Work order:
Look through the data below and output, unchanged, every line from the one holding "Rolling carts are" through the one holding "电脑菜鸟必备知识宝典收选三十", inclusive. Skip the pictures.

::: Listed records :::

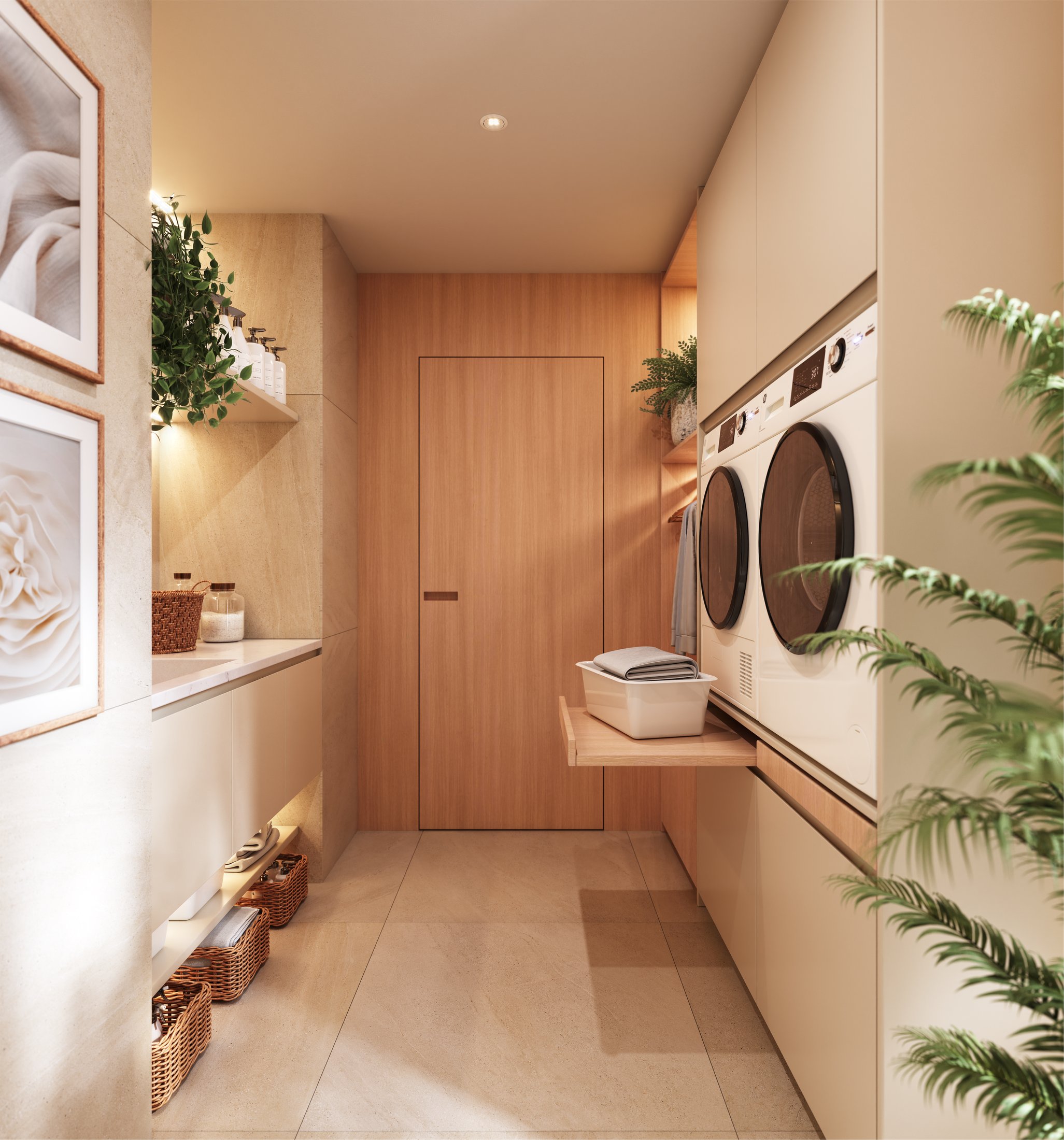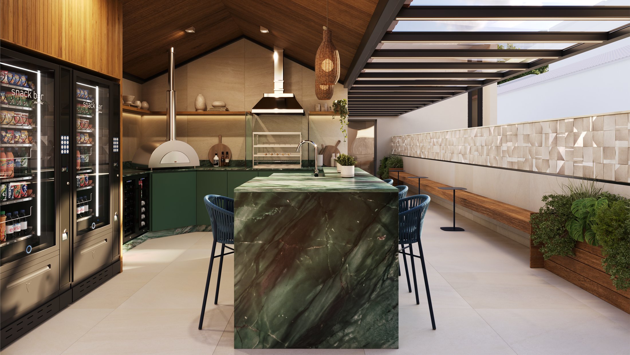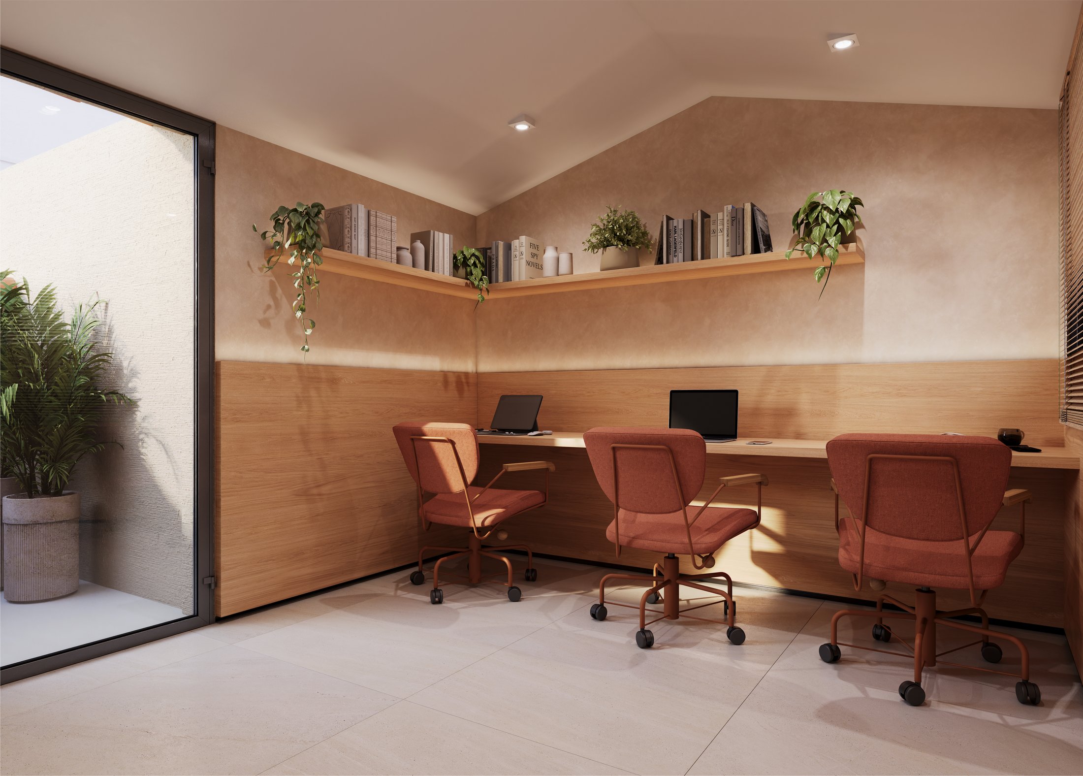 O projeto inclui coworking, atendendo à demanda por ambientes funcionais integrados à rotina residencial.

:::
::: Listed records :::

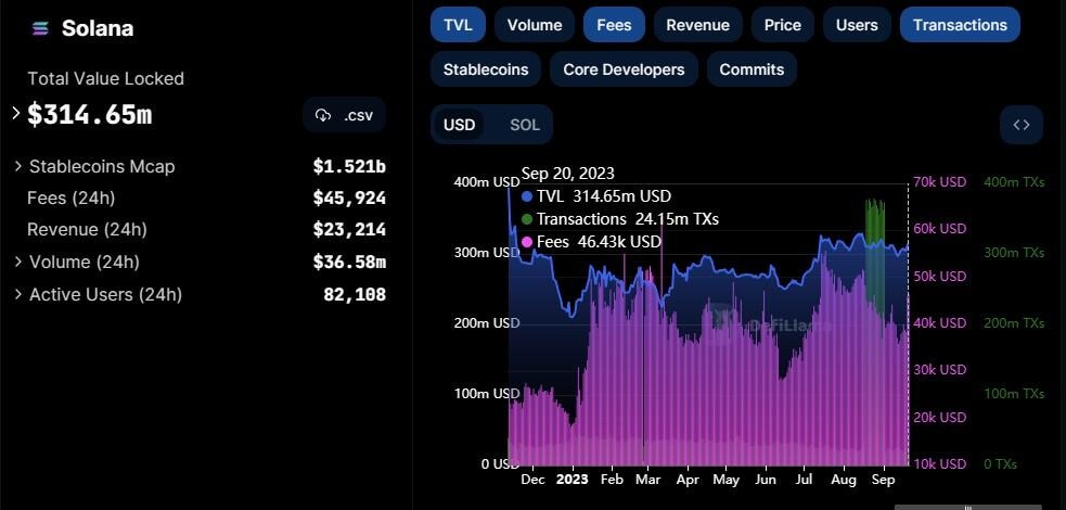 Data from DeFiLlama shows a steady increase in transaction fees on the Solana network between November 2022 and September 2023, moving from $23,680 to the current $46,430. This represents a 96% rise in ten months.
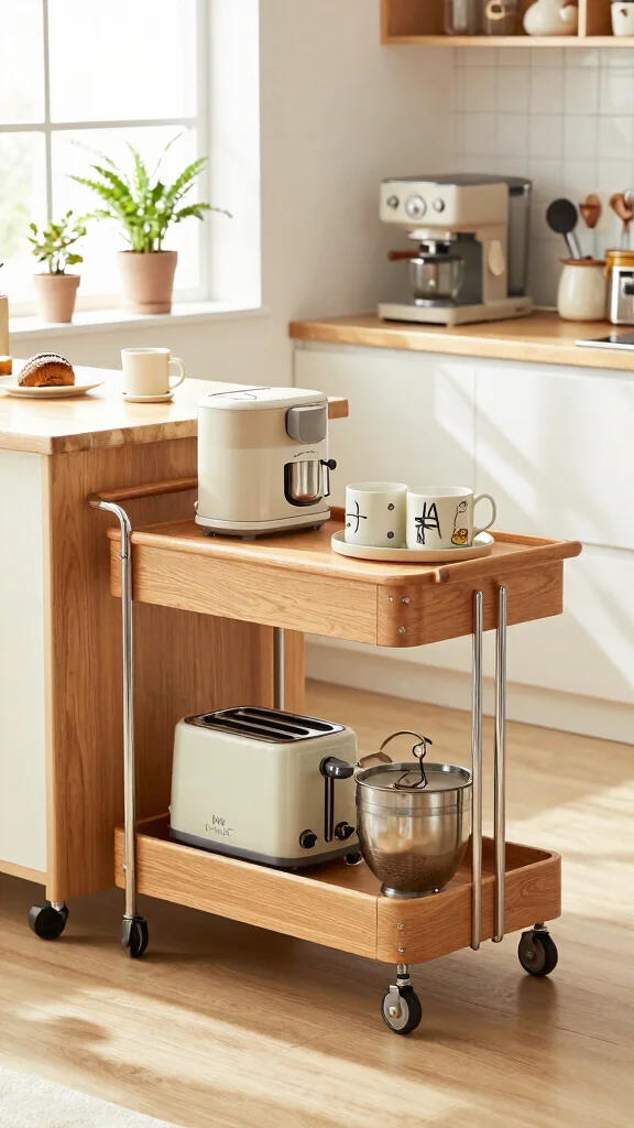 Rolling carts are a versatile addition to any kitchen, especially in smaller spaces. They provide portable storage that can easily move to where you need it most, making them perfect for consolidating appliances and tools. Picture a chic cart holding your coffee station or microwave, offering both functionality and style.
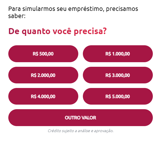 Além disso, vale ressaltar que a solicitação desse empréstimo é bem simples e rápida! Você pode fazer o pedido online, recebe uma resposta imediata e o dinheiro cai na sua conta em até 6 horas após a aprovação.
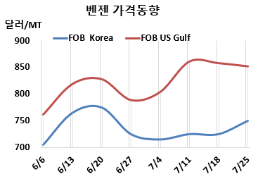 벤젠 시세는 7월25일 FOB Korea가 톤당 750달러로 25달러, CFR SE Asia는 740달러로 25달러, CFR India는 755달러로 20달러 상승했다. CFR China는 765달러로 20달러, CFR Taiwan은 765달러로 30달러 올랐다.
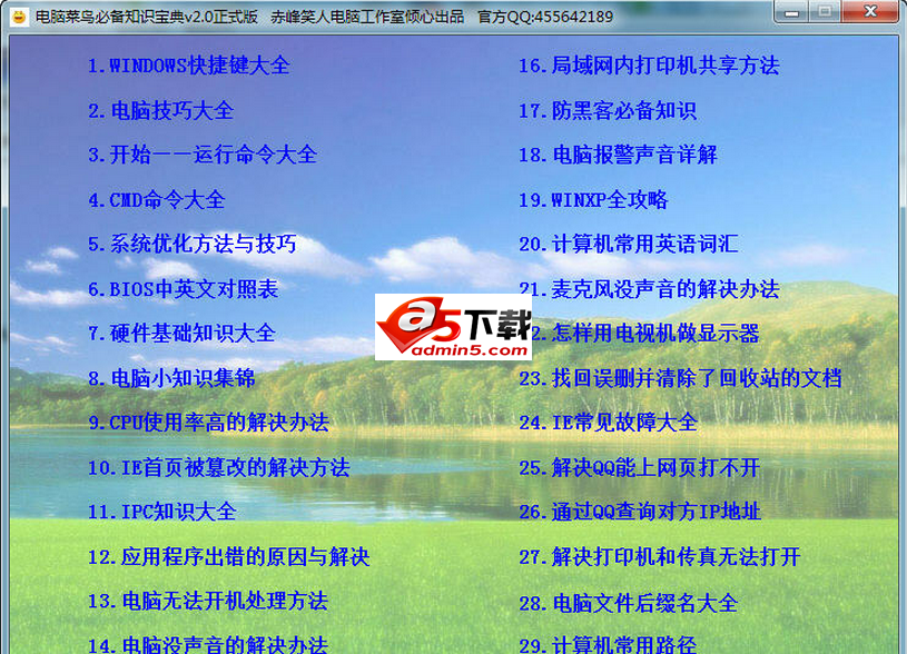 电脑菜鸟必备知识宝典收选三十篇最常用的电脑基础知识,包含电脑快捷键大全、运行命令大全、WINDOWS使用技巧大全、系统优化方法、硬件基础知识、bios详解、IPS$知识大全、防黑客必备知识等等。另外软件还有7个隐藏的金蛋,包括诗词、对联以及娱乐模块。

:::

The completed task:
 Rolling carts are a versatile addition to any kitchen, especially in smaller spaces. They provide portable storage that can easily move to where you need it most, making them perfect for consolidating appliances and tools. Picture a chic cart holding your coffee station or microwave, offering both functionality and style.
 Além disso, vale ressaltar que a solicitação desse empréstimo é bem simples e rápida! Você pode fazer o pedido online, recebe uma resposta imediata e o dinheiro cai na sua conta em até 6 horas após a aprovação.
 벤젠 시세는 7월25일 FOB Korea가 톤당 750달러로 25달러, CFR SE Asia는 740달러로 25달러, CFR India는 755달러로 20달러 상승했다. CFR China는 765달러로 20달러, CFR Taiwan은 765달러로 30달러 올랐다.
 电脑菜鸟必备知识宝典收选三十篇最常用的电脑基础知识,包含电脑快捷键大全、运行命令大全、WINDOWS使用技巧大全、系统优化方法、硬件基础知识、bios详解、IPS$知识大全、防黑客必备知识等等。另外软件还有7个隐藏的金蛋,包括诗词、对联以及娱乐模块。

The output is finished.